Cisco Unity Connection supports Exchange 2003 or later and also supports different versions running at the same time. If you are migrating from Exchange 2003 to 2010, and you are moving mailboxes over to the migrated Exchange Server, Cisco Unity Connection must track these moves. Cisco Unity Connection can autodetect mailbox moves in the Exchange infrastructure. Cisco Unity Connection can be local or placed across geographical boundaries from the Exchange Servers with which it is synchronizing.

Office 365 and Lotus Notes also are supported. However, additional third-party software is required for Lotus Notes. Go to for more information.

Unified Messaging Benefits

This topic describes the benefits of using Unified Messaging in Cisco Unity Connection.

Unified Messaging decouples Cisco Unity Connection from the Exchange infrastructure and dependencies in the following ways:

  • Does not stop functioning if a global catalog is unavailable.
  • Does not require schema extensions to the Active Directory.
  • Does not depend on hub transport and edge transport server roles for mail transfer agent functionality (that is, delivery or receipt of voice mails).
  • Does not depend on mailbox server roles for voice message storage.
  • Does not depend on client access server for front-ending client requests.
  • Cisco clients still have complete access to voice messages if any or all of the Exchange infrastructure is down.

If the global catalog is not available, Cisco Unity (not Cisco Unity Connection) or Exchange Unified Messaging stops working. With Cisco Unity Connection Unified Messaging, a schema extension is not required.
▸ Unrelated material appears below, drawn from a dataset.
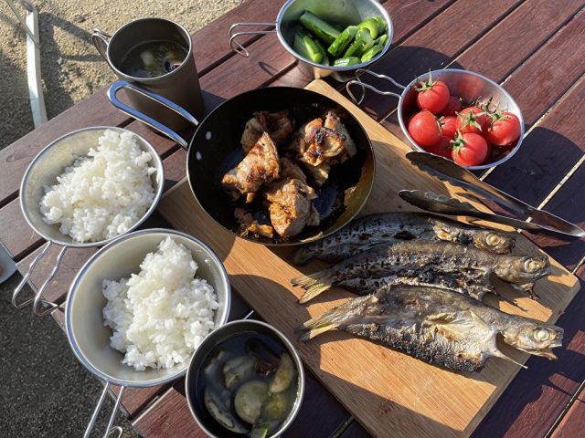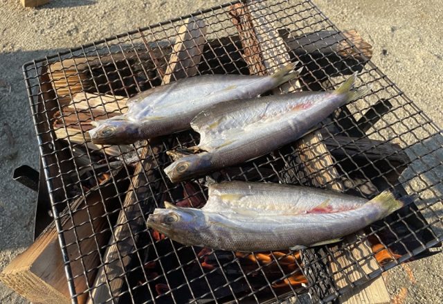 焚き火で焼きました🐡

Cisco Unity Connection does not rely on the hub transport (the edge transport servers in Exchange) to deliver voicemails from Cisco Unity Connection. Cisco Unity Connection does not depend on the mailbox server rules because Cisco Unity Connection is just synchronizing the messages into Exchange.

Cisco Unity Connection Unified Messaging reduces the dependencies on Exchange and Active Directory. If the message synchronization is not working because the Exchange infrastructure is not available, callers can still leave messages and users can still receive their messages. The communication between Cisco Unity Connection and Exchange is a two-way synchronization.

Cisco Unity Connection is the authoritative message store. However, a message deleted in Exchange via Microsoft Outlook, for example, is also deleted in Cisco Unity Connection and vice versa.

If a user sends a message to an Exchange distribution list (for example, a voicemail using ViewMail for Outlook), the message is received in a Cisco Unity Connection inbox and in Exchange. The message will be synchronized between both systems.

When secure messages are used in Cisco Unity Connection, the messages are not synchronized into Exchange. Cisco Unity Connection synchronizes a pointer instead, so that the message can be streamed from Cisco Unity Connection. Secure messaging does not allow audio files to leave the system, for example, as an attachment to an email.

Single Inbox Functionality

This topic describes the single inbox functionality with Exchange integration and voice message synchronization.

The single inbox feature performs these functions:

  • Synchronizes voice messages with the Exchange inbox:
    1. MWI is synchronized.
    2. Status (read, new, deleted, and others) and priority are synchronized.
    3. Secure and private messages are supported.
    4. Mobile client support.
  • Calendar integration allows you to configure personal call transfer rules that are based on calendar status.

Unified Messaging provides single inbox access to your voice mails. With single inbox, the MWI is synchronized on both systems. When an unread voice message is opened in the email client—for example, the company Microsoft Outlook inbox folder—MWI is turned off on the phone.

The status for messages is also synchronized. A message in Exchange read by the user is marked as read in Cisco Unity Connection. The new, deleted, or priority status is also synchronized, as is the subject line. Secure and private messages are supported. Mobile clients such as iPhone and Blackberry work automatically because the voice mail comes into the Microsoft Exchange box and the message is picked up by the mobile phone client.

The personal call transfer rules can be based on the calendar information concerning the user’s free or busy status.